Although the worldwide cloud DDoS scrubbing industry wants to make everyone believe, it’s not always possible to separate all dirty data traffic from the clean. Because when filters are set to strict, false positives will arise. Therefore its better to leave some dirty traffic threw the DDoS protection mechanisms. In general 1%, still reaching is the target application, so its hosted solution should be able to handle this without going offline.
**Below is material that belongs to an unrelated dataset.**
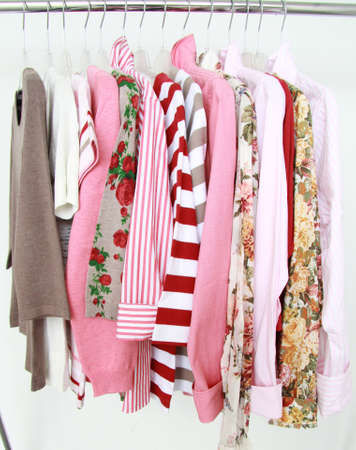 Display of fashionable shirts on hangers in a womens clothing showroom, part of a summer closet concept.

When a server crashes because it receives less then a hundred Mbps of DDoS traffic, the blame lies with the server itself. For example, sometime we receive a complain from a new client that our protection system passed DDoS traffic and their server was crushed. When I checked our monitoring systems, I saw that a 400Gbps UDP with a 20Gbps TCP SYN attack was mitigated very well but it passed some dirty traffic of only 20Mbps… So it is wrong to believe that all DDoS traffic can always be completely blocked, at least as of this writing. In other words, a good server (farm) should be able to handle a small amount of DDoS traffic even if it is under protection.
So there is no exception? yes there is! When our protection cloud is used to protect web applications a Web Application Firewall can be used under the DDoS protection. This proxy based service will receive all dirty traffic which is left and will only forward normal requests. And even if a botnet is using normal requests, a captcha will block any bot behind it. Because of our WAF is fully custom build, written with the programming language GO which is running in a multi-site Kubernetes cluster, we are able to handle millions of requests per second. More about the new WAF my colleague will blog next month.
As attacks have become more sophisticated, they have become a greater concern to IT executives surveyed by NISC. NISC includes over 170 senior security experts, primarily C-Suite executives and senior decision makers, representing both small and large companies. In the most recent survey of these professionals, most indicated that they believe that DDoS is the top threat to their network. Forty eight percent of executives surveyed believe that DDoS attack threats have increased, while 42% believe that they had increased their ability to respond to such threats. Our statistics support the result of this survey. In fact, we witness every day the birth of new technical capabilities and who knows what tomorrow would bring…
Cyber threats ranked in order of concern, January 2019 NISC report
Governments are aware of the DDoS threat and start to enforce laws, like Incident response policy, to collect statistics on which they can rely to have a better insight and take the suitable measures against it. Besides, governments start to force sensitive organizations like banks to have mitigation services by reliable security companies. Your organization should be prepared as well, and prevention is better than cure because once a DDoS attack is underway and your server is offline, getting it back to normal can be costly. Website downtime can impact both your business sales and your reputation. Thus, make sure your business is safe at any time.